The guide element 98 can be pivoted in a horizontal plane by an angle according to the double arrow 106. By means of the angled arrangement of the guide element 98, the shape of the web loop 54 is held stable. By means of the arrangement of the diverting element 102 in the vicinity of the guide element 98, there ensues a diversion of the web 8 with a relatively large radius of curvature, so that creasing of the web 8 or formation of folds is avoided. The web 8 is then guided to possible further conveyor elements of the web output means 44.

The diversion element 102 has the stop 62, which serves for precise edge guiding, on its side facing the web supply means 34. Likewise, the guide element 98 can be provided with a corresponding stop on its right side. The stop 62 can be fashioned in such a way that it can be displaced in the direction of the axis 104, in order to be adapted to the web width.

FIG. 9 shows a top view of the displacement means 26 according to FIG. 8. The axes 99 and 104--projected in a horizontal plane--of the guide element 98, or, respectively, of the diverting element 102, form an angle w=20°. The guide element 98 in FIG. 9 can be pivoted by this angle w in the direction towards the diverting element 102, so that its axis 99 lies in a vertical plane with the axis 104. In this state, the unit formed from the guide element 98 and the diverting element 102 forms a guide means for guiding the web 8. This unit can be used in a turning means 18 according to FIG. 3, as a part of the web output means 44 shown there. In FIG. 9, the web guide means 56 can further be seen in a top view, which guide means 56 serves, as already stated, for the calming of the web run and the formation of the web loop 54.

FIG. 10 shows various variants of the supplying and taking up of the web for the displacement means 26. The web 8, coming from the direction according to the arrow 32 along the transport path 30, is further conveyed in an corresponding direction of transport (as indicated by the arrow 48) via a further diverting roll 106, after passing through the web loop 54. The diverting roll 106 is a part of the web take-up means 44, with the further components of a guide element 98 and a diverting element 102. Further variants of the web supplying arrangements are shown in broken lines in FIG. 10. A web 8 supplied from the right according to the arrow 108 or from above (as shown by the arrow 110) is outputted to the left according to the arrow 112, via the diverting roll 106. As can be seen, the transport directions are in general determined in such a way that the web 8 is conveyed downstream in the direction of the print unit.

The adjustability of the diverting element 102 is also to be noted. In order to simplify the insertion process for the web 8, the diverting element 102 can be pivoted vertically upward about an axis of rotation 113 in the arrow direction 114. The operator can then guide the initial segment of the web 8 in the insertion operation about the diverting roll 106, and can subsequently pivot the diverting element 102 back into the position shown in FIG. 10.
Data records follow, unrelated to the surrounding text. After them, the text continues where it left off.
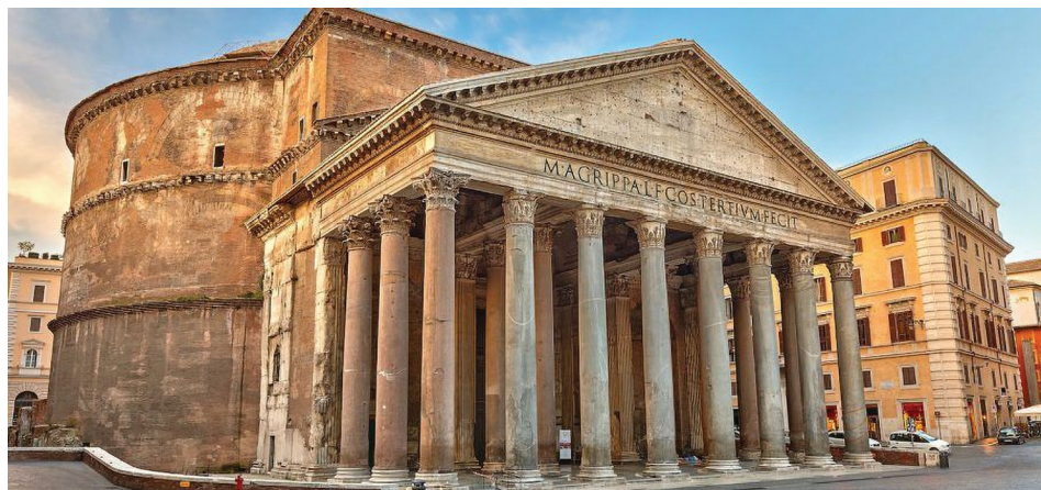
Сл. 1. Пантеон, Рим, данашњи изглед

да је првобитни пагански храм био посвећен свим бојовима . На тај начин, храм је трансформисан у својеврсни хришћански јанџеон у ком су, уз Богородицу, посебно штовани и сви мартири . Значајан податак који је везан за трансформацију Пантеона односио се на чињеницу да је папа даровао храм реликвијама ( Liber pontificalis , 1989, 69.2). Мада немамо подробнијих података, њихово помињање у множини указује на то да је храм, свакако у складу са посветом, био дарован већим бројем различитих светитељских реликвија. Претварање Пантеона у хришћански храм био је, несумњиво, изузетно подстицајан подухват и то у неколико нивоа. Идеолошки, означаио је апсолутни тријумф хришћанства у најнепосреднијем фокусу читаве икумене, али је и значајно утицао на даљи развој, како култа Богородице тако и култова ранохришћанских мученика.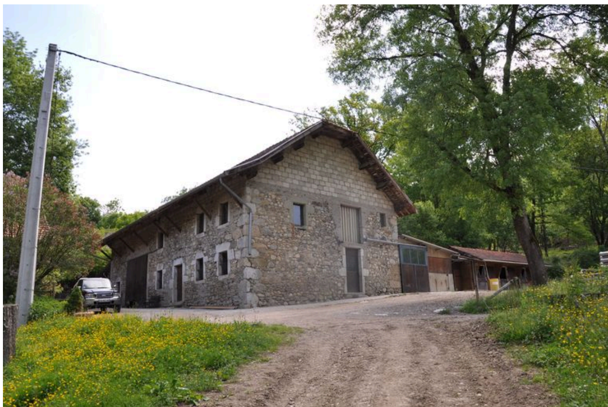
Mur pignon sud du premier moulin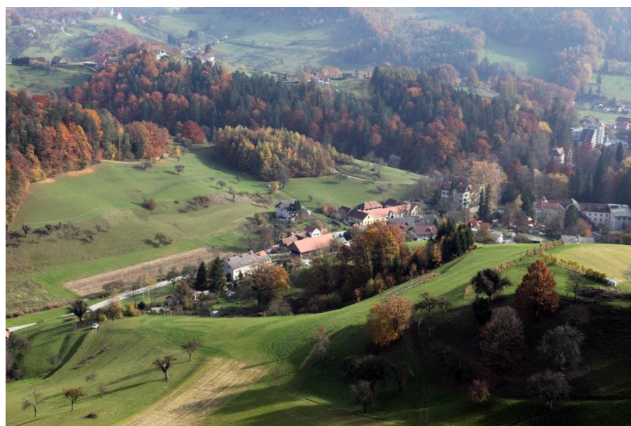
Slika: Območje LN Zora v Dobrni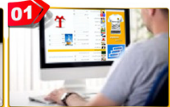
01 بیمه خود را آنلاین سفارش دهید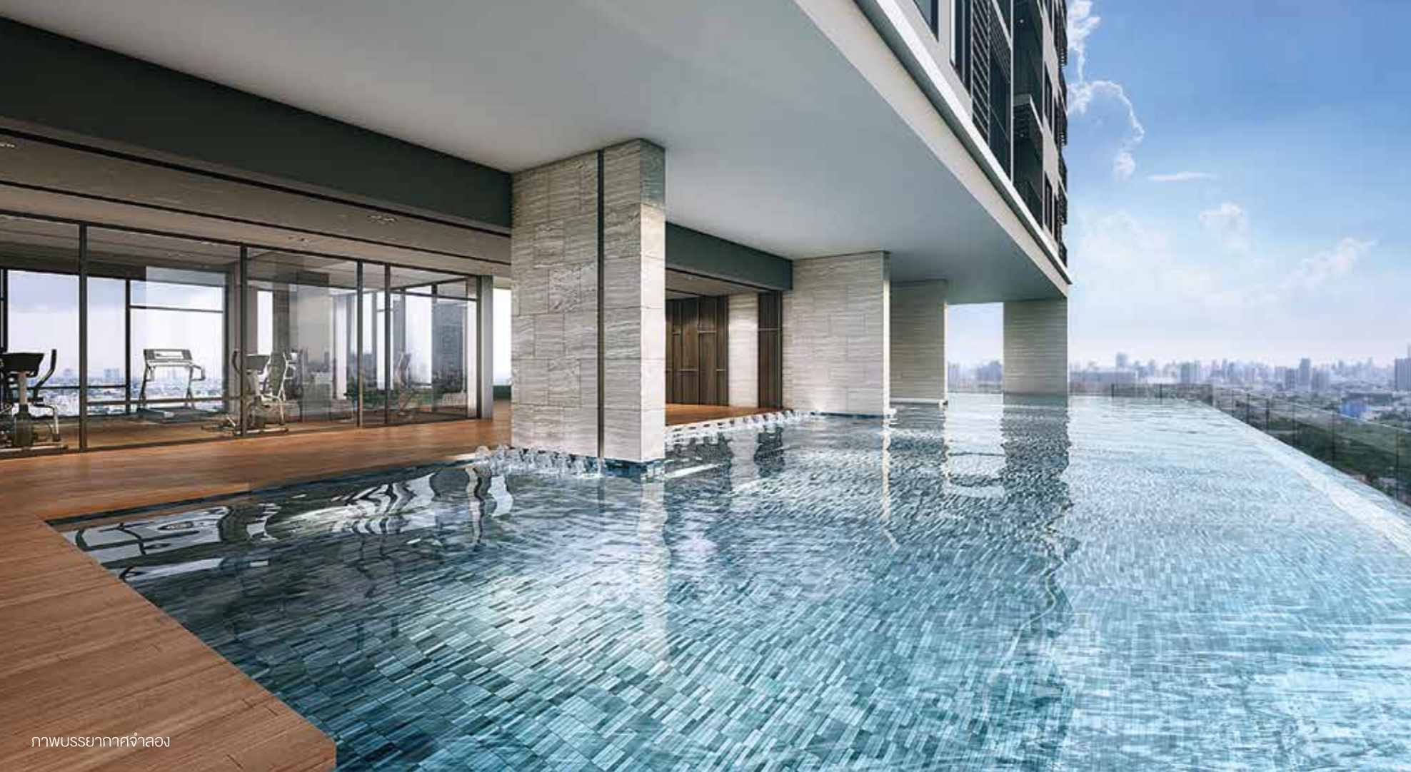
ภาพบรรยากาศจำลอง

Components of the turning means 18 and displacement means 26 shown in FIGS. 3 to 10 can be combined with one another. Thus, a diverting means similar to the diverting means 40 shown in FIG. 3 can be included in the embodiment according to FIG. 10. The web loop 54 is then laid about the diverting means 40, the guide element 98 is pivoted back to an angle w=0, and the web is guided through between the guide element 98 and the diverting element 102. Such an arrangement then has the function of a turning means. According to the type of operation desired, duplex unit or two-color simplex operation, the means according to FIG. 10 can be converted in a relatively short time into a turning means or a displacement means.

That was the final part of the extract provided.